One way to fix this is to use a video accelerator software which will give you a smoother video viewing experience. Freeware like the SpeedBit Video Accelerator (www.speedbit.com/video_accelerator), for example, allows you to get the same video content up to four times faster!
There are also several other web accelerator tools that can help reduce web site access times, for example, FasterFox for Firefox, SiteCelerate and Onspeed, just to name some of them. However, SpeedBit is one of the few that accelerates "live" video streaming.

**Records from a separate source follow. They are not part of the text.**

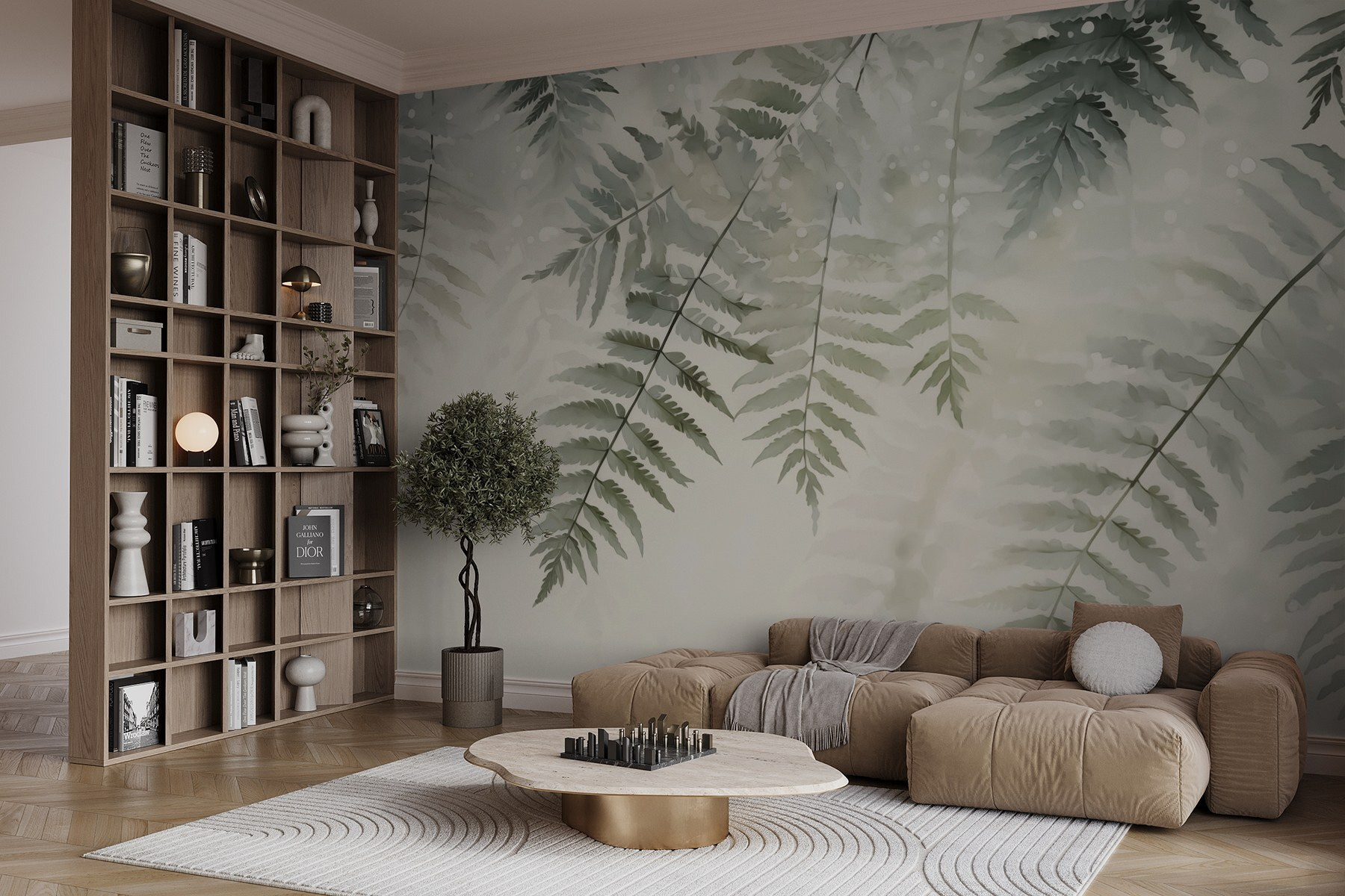 Proměňte každou místnost díky uklidňující atmosféře “Jemného kapradí v měkkém světle”. Tato půvabná nástěnná malba přenese uklidňující esenci přírody přímo na vaše stěny a zalije váš prostor měkkou zelení a jemnými stíny. Představte si, že popíjíte ranní kávu obklopeni těmito kapradinami šeptajícími klid – mluvte o klidném začátku dne!
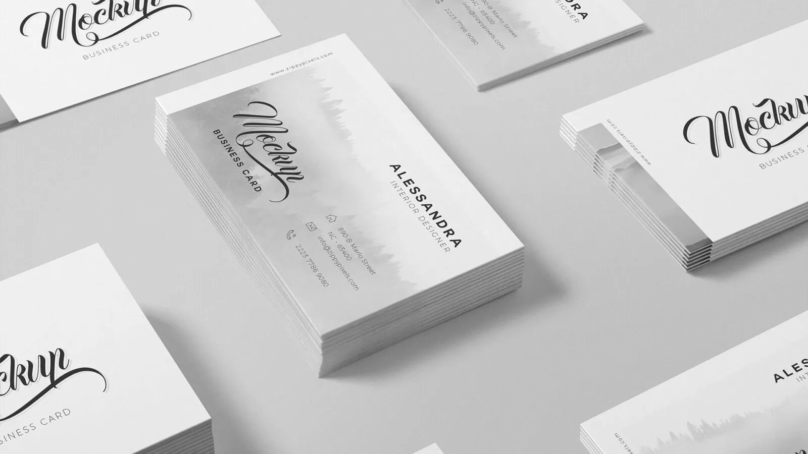This mockup allows you to showcase your business card designs from multiple angles, providing a comprehensive view of your work. It features various card models positioned in both landscape and portrait orientations, enabling a clear display of your design from different perspectives.
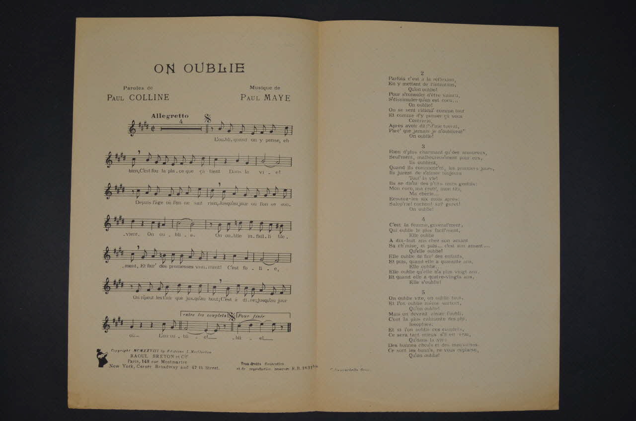 Sur la couverture, le portrait photographique de Paul Gesky avec encadrement de frise de grecques et de palmettes. Les inscriptions renseignent le titre de la chanson, le nom des auteurs, de l'artiste et de l'éditeur. A l'intérieur, partition et paroles de la chanson. Au dos, liste d'autres partitions publiées par l'éditeur.Décor

To understand how the video accelerator software works, you need to look at how the Internet delivers content over long distances. It does this using what is known as a Transmission Control Protocol (TCP) connection.
TCP, however, was invented at a time when most users accessed the Internet using a dial-up connection and the speed was limited to below 56 kbps. This was acceptable 30 years ago when file sizes were generally smaller and Internet traffic flowed mainly within the United States.
Today, however, with the growing popularity of video streaming services across the world, there is now a need to transmit high bit-rate services using TCP over long distances, for example, when video is streamed from a YouTube server in the United States to your PC in Singapore. Within this context, the earlier TCP limitation often results in bottlenecks and hence, jerky video.
Video accelerator softwares fix this by replacing the single TCP connection to the video streaming server with multiple concurrent TCP connections. This is like opening up more lanes to traffic on an expressway, and allows the video streaming data to be transmitted more quickly across the Internet.
Our lab tests show that with a 10 Mbps broadband connection, the video accelerator is able to open five concurrent connections with an aggregated download speed of 5.39 Mbps. This is two to four times the download speed of a single TCP connection.